### [About this task]
Would you transcribe the entries below word for word, omitting all images?

### [Supplied records]
+ + + + +

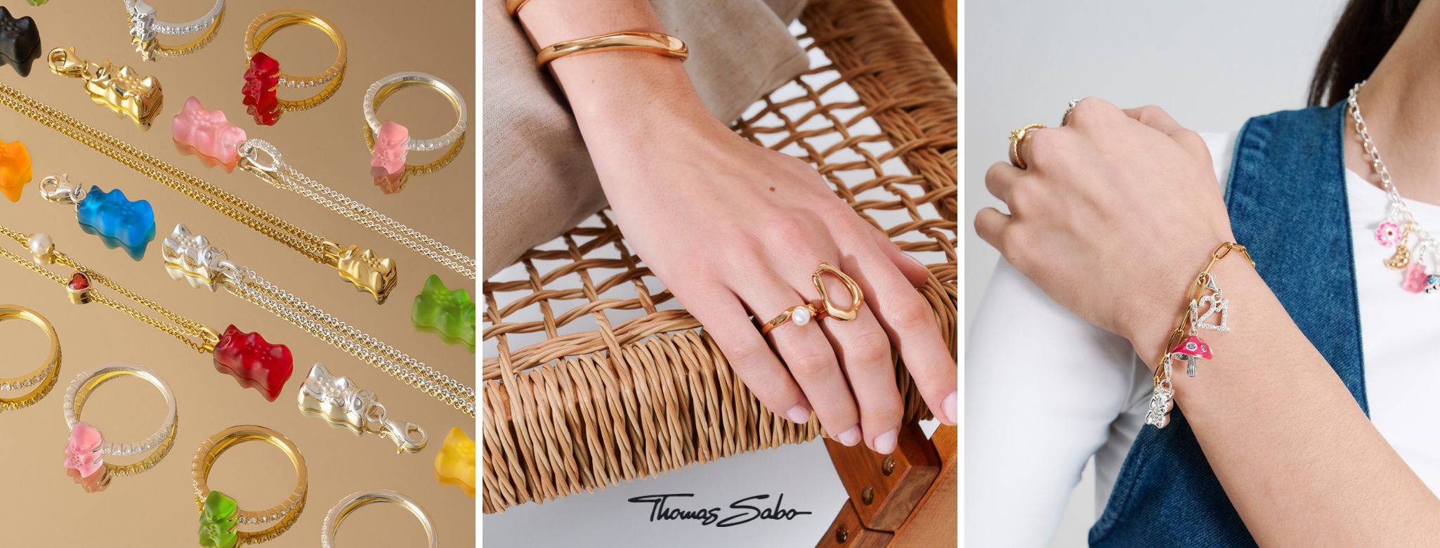 A Thomas Sabo charm hordozó karkötő egyszerűbb. A legtipikusabb a függő charm (a legdominánsabb típus), ehhez társulnak a 3D-s figurális charmok. Mindenki ismeri a Charmista klub ikonikus Thomas Sabo-stílusú ezüst charmokat, az köves, statement darabokat, a zománcos, színes charmokat - amilyen a Smiley kollekció. Az egyik legkülönlegesebb Thomas Sabo kollekciót se hagyjuk ki, a Haribo kollekciót.
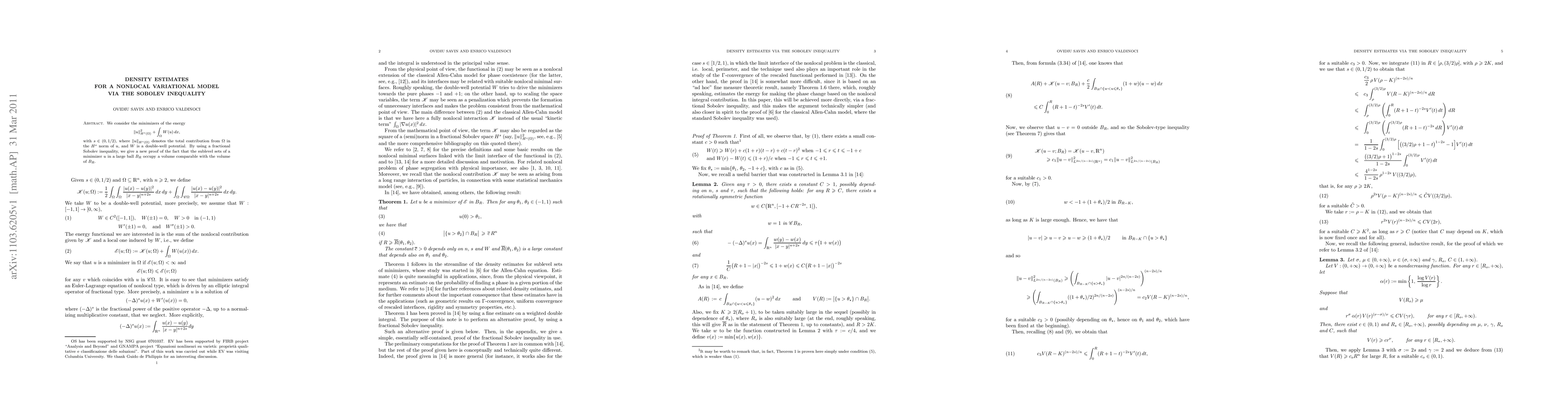 We consider the minimizers of the energy $$ \|u\|_{H^s(\Omega)}^2+\int_\Omega W(u)\,dx,$$ with $s \in (0,1/2)$, where $\|u\|_{H^s(\Omega)}$ denotes the total contribution from $\Omega$ in the $H^s$ norm of $u$, and $W$ is a double-well potential. By using a fractional Sobolev inequality, we give a new proof of the fact that the sublevel sets of a minimizer $u$ in a large ball $B_R$ occupy a volume comparable with the volume of $B_R$.
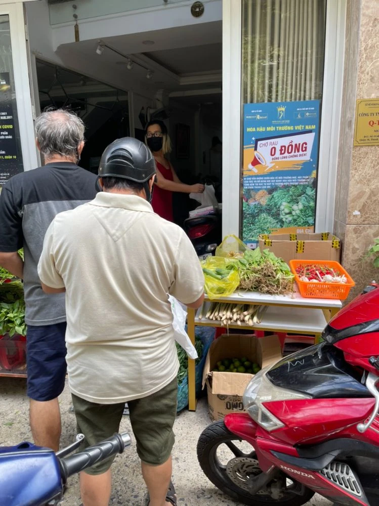 Ngày 21-7, tại hai địa điểm 45/6B, đường 3/2 (quận 10) và 601/3, lô A- Cách mạng tháng 8 (quận 10), đại diện của Ban Tổ chức cuộc thi Hoa hậu Môi trường Việt Nam đã đứng ra gửi tặng hơn nửa tấn rau, củ, quả cho bà con lao động nghèo và gửi đến những khu phố bị cách ly, phong tỏa.
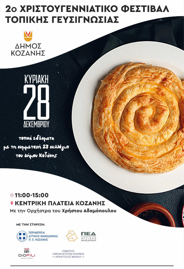Σε γιορτινούς ρυθμούς κινείται ο Δήμος Κοζάνης, ο οποίος την Κυριακή 28 Δεκεμβρίου 2025 διοργανώνει το 2ο Χριστουγεννιάτικο Φεστιβάλ Τοπικής Γευσιγνωσίας, μια εκδήλωση αφιερωμένη στις τοπικές γεύσεις, την παράδοση και τη συλλογικότητα.
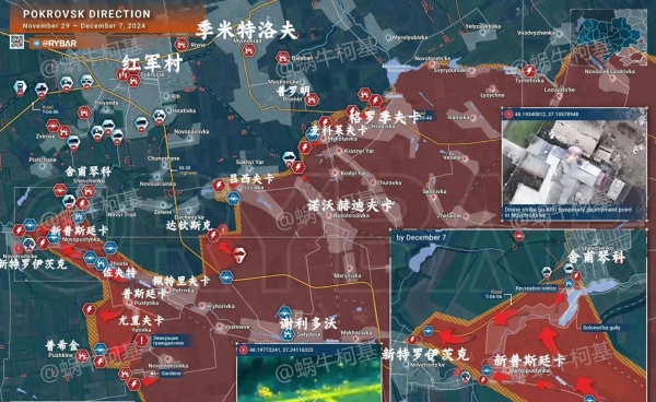 11月底,俄乌两军在红军城外围仍有交火。俄方调集炮兵支援,乌军加强无人机巡逻。街区一片废墟,电缆交错、瓦砾堆积。红军城的名字带着历史的讽刺感,如今成了现代战争的实验场。
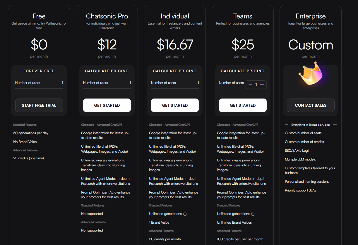 更详细的定价信息,可以查看Writesonic官网信息
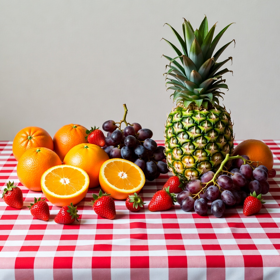 A vibrant assortment of fresh fruits is arranged on a red and white checkered tablecloth. The display features a tall pineapple in the center, surrounded by whole and halved oranges, clusters of red strawberries, and bunches of purple grapes. All fruits are brightly colored and placed against a plain white background.
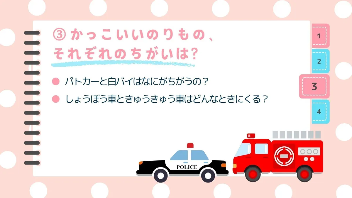 けいさつかんやしょうぼうしがのる、かっこいいのりものには、それぞれたいせつなやくわりがあるんだよ。

+ + + + +

### [Task output]
 A Thomas Sabo charm hordozó karkötő egyszerűbb. A legtipikusabb a függő charm (a legdominánsabb típus), ehhez társulnak a 3D-s figurális charmok. Mindenki ismeri a Charmista klub ikonikus Thomas Sabo-stílusú ezüst charmokat, az köves, statement darabokat, a zománcos, színes charmokat - amilyen a Smiley kollekció. Az egyik legkülönlegesebb Thomas Sabo kollekciót se hagyjuk ki, a Haribo kollekciót.
 We consider the minimizers of the energy $$ \|u\|_{H^s(\Omega)}^2+\int_\Omega W(u)\,dx,$$ with $s \in (0,1/2)$, where $\|u\|_{H^s(\Omega)}$ denotes the total contribution from $\Omega$ in the $H^s$ norm of $u$, and $W$ is a double-well potential. By using a fractional Sobolev inequality, we give a new proof of the fact that the sublevel sets of a minimizer $u$ in a large ball $B_R$ occupy a volume comparable with the volume of $B_R$.
 Ngày 21-7, tại hai địa điểm 45/6B, đường 3/2 (quận 10) và 601/3, lô A- Cách mạng tháng 8 (quận 10), đại diện của Ban Tổ chức cuộc thi Hoa hậu Môi trường Việt Nam đã đứng ra gửi tặng hơn nửa tấn rau, củ, quả cho bà con lao động nghèo và gửi đến những khu phố bị cách ly, phong tỏa.
Σε γιορτινούς ρυθμούς κινείται ο Δήμος Κοζάνης, ο οποίος την Κυριακή 28 Δεκεμβρίου 2025 διοργανώνει το 2ο Χριστουγεννιάτικο Φεστιβάλ Τοπικής Γευσιγνωσίας, μια εκδήλωση αφιερωμένη στις τοπικές γεύσεις, την παράδοση και τη συλλογικότητα.
 11月底,俄乌两军在红军城外围仍有交火。俄方调集炮兵支援,乌军加强无人机巡逻。街区一片废墟,电缆交错、瓦砾堆积。红军城的名字带着历史的讽刺感,如今成了现代战争的实验场。
 更详细的定价信息,可以查看Writesonic官网信息
 A vibrant assortment of fresh fruits is arranged on a red and white checkered tablecloth. The display features a tall pineapple in the center, surrounded by whole and halved oranges, clusters of red strawberries, and bunches of purple grapes. All fruits are brightly colored and placed against a plain white background.
 けいさつかんやしょうぼうしがのる、かっこいいのりものには、それぞれたいせつなやくわりがあるんだよ。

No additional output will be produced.